RECORDS TO PROCESS.
+ + +
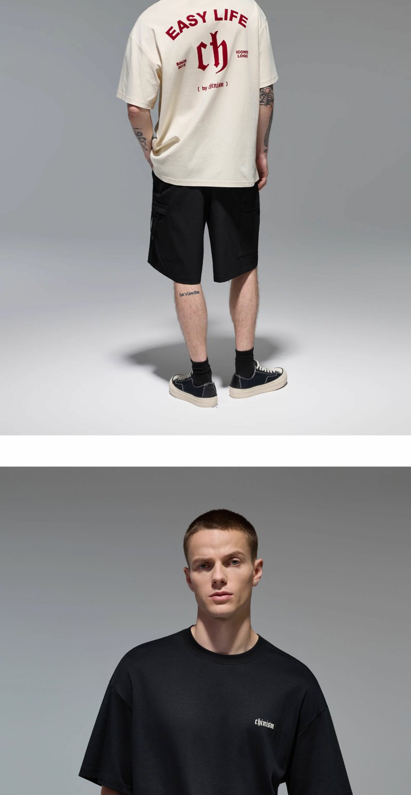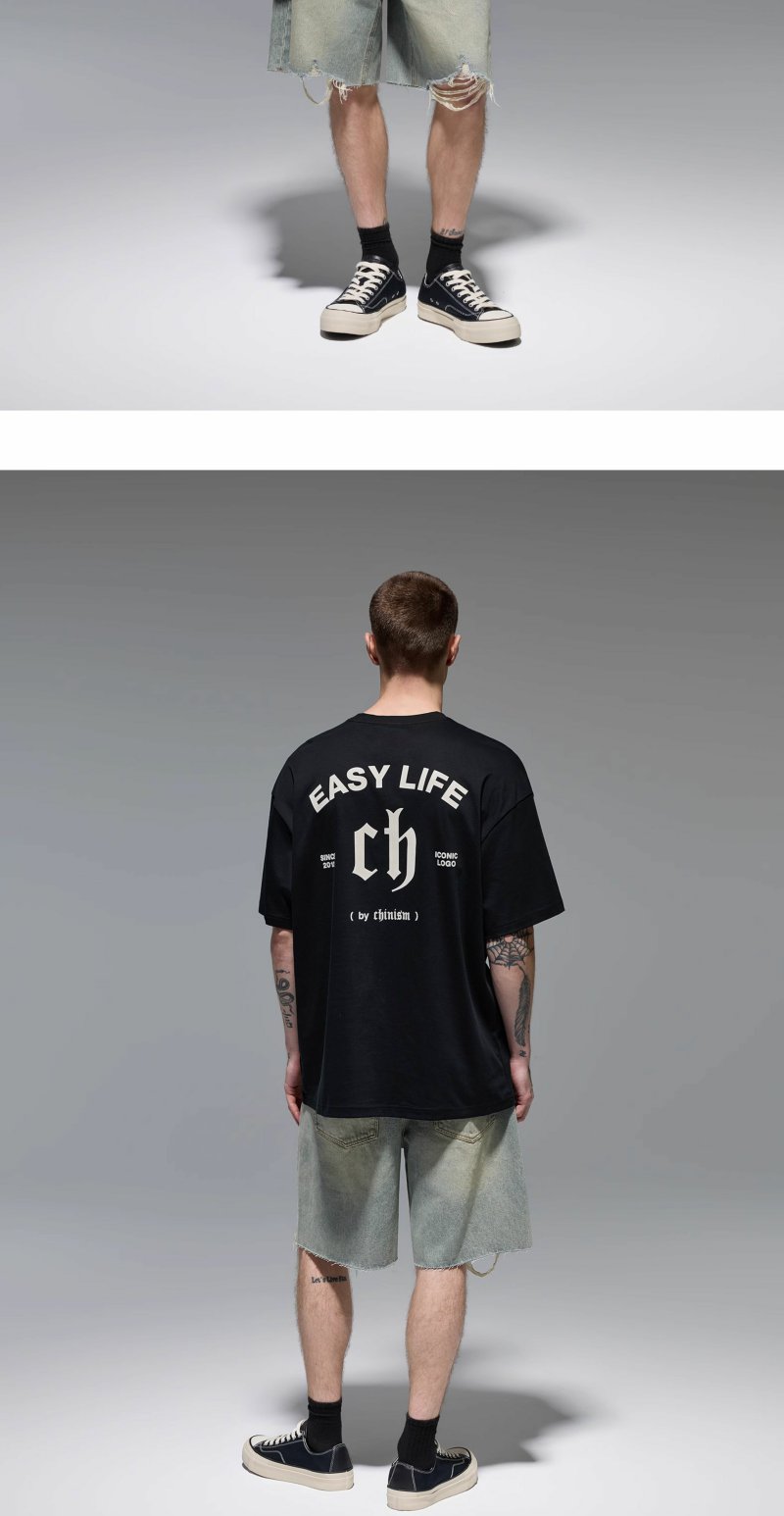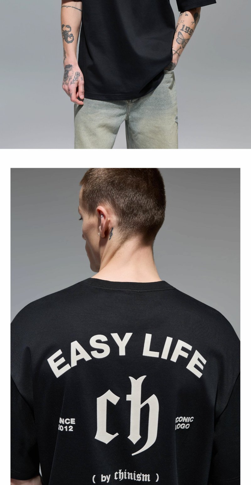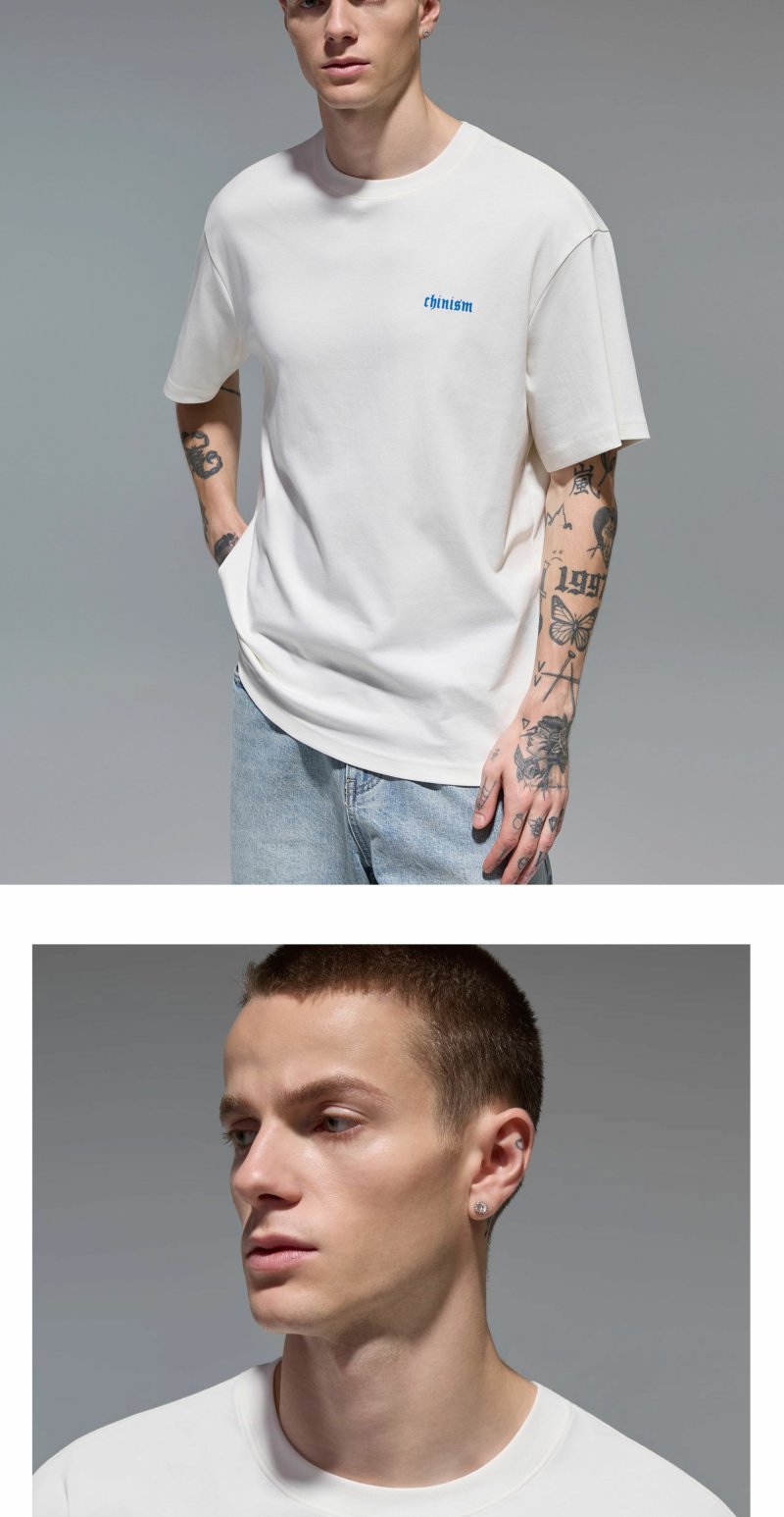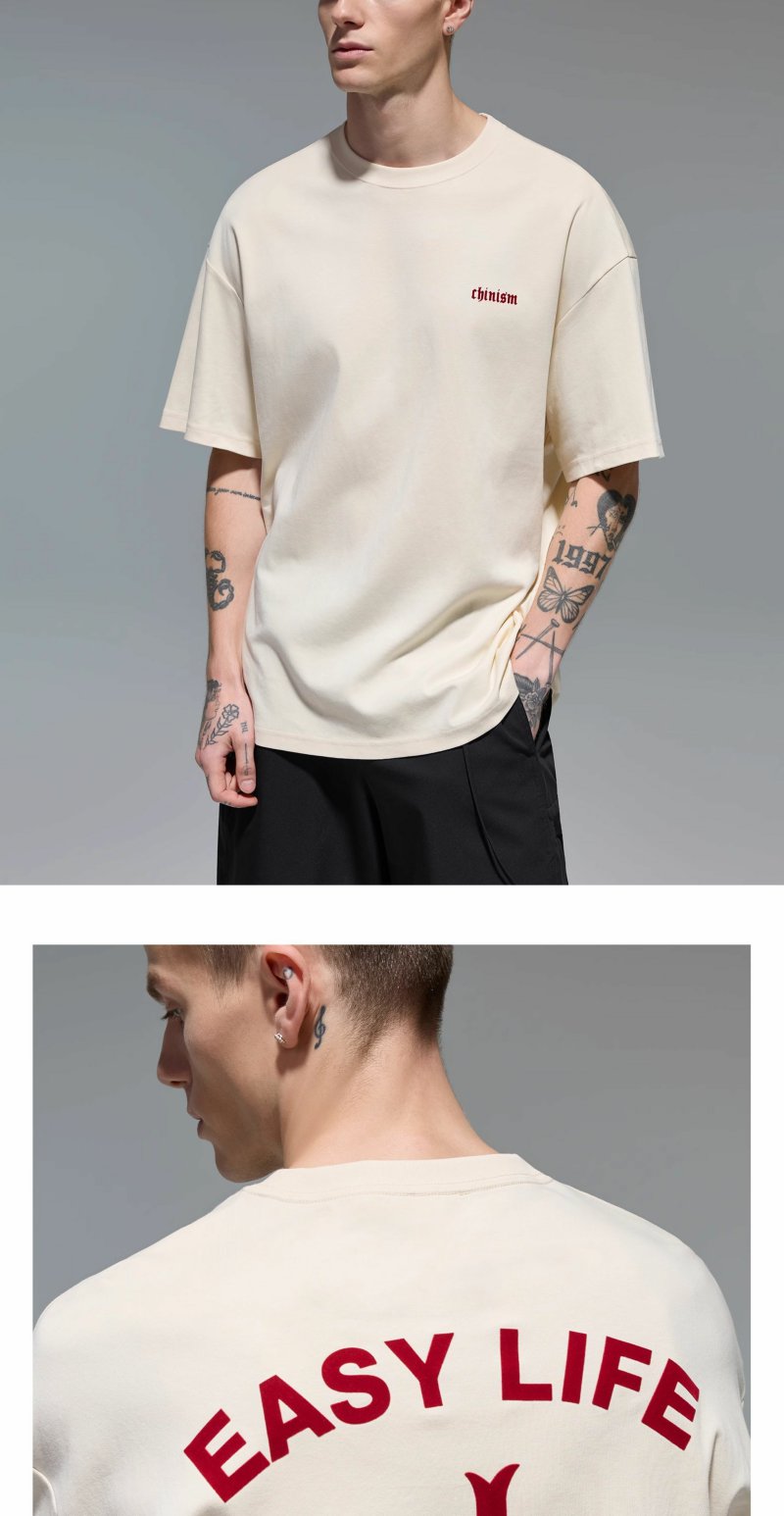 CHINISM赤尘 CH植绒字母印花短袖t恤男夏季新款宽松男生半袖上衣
+ + +
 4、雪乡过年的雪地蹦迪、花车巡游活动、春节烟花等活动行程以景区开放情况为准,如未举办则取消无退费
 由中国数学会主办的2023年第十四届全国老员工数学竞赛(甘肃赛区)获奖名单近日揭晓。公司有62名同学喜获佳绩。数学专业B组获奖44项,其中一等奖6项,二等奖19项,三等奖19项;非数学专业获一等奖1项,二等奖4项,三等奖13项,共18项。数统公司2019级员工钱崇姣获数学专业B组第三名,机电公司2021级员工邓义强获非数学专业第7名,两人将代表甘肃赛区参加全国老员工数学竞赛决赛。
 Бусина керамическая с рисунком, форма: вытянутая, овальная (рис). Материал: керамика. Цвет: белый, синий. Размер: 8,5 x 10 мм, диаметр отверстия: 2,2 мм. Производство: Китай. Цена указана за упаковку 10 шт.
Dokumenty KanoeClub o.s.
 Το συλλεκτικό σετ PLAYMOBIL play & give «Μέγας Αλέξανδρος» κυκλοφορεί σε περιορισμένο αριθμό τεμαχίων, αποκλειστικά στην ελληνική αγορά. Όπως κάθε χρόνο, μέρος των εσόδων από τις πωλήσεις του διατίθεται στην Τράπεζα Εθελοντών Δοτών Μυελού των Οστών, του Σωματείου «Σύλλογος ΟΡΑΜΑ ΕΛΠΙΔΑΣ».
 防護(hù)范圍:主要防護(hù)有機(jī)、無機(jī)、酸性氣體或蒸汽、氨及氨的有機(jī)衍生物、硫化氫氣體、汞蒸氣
+ + +
EXERCISE PROMPT.
Reproduce exactly, and with no other material, the lines between those holding "Το συλλεκτικό σετ" and "防護(hù)范圍:主要防護(hù)有機(jī)、無機(j", inclusive.

COMPLETED TASK.
 Το συλλεκτικό σετ PLAYMOBIL play & give «Μέγας Αλέξανδρος» κυκλοφορεί σε περιορισμένο αριθμό τεμαχίων, αποκλειστικά στην ελληνική αγορά. Όπως κάθε χρόνο, μέρος των εσόδων από τις πωλήσεις του διατίθεται στην Τράπεζα Εθελοντών Δοτών Μυελού των Οστών, του Σωματείου «Σύλλογος ΟΡΑΜΑ ΕΛΠΙΔΑΣ».
 防護(hù)范圍:主要防護(hù)有機(jī)、無機(jī)、酸性氣體或蒸汽、氨及氨的有機(jī)衍生物、硫化氫氣體、汞蒸氣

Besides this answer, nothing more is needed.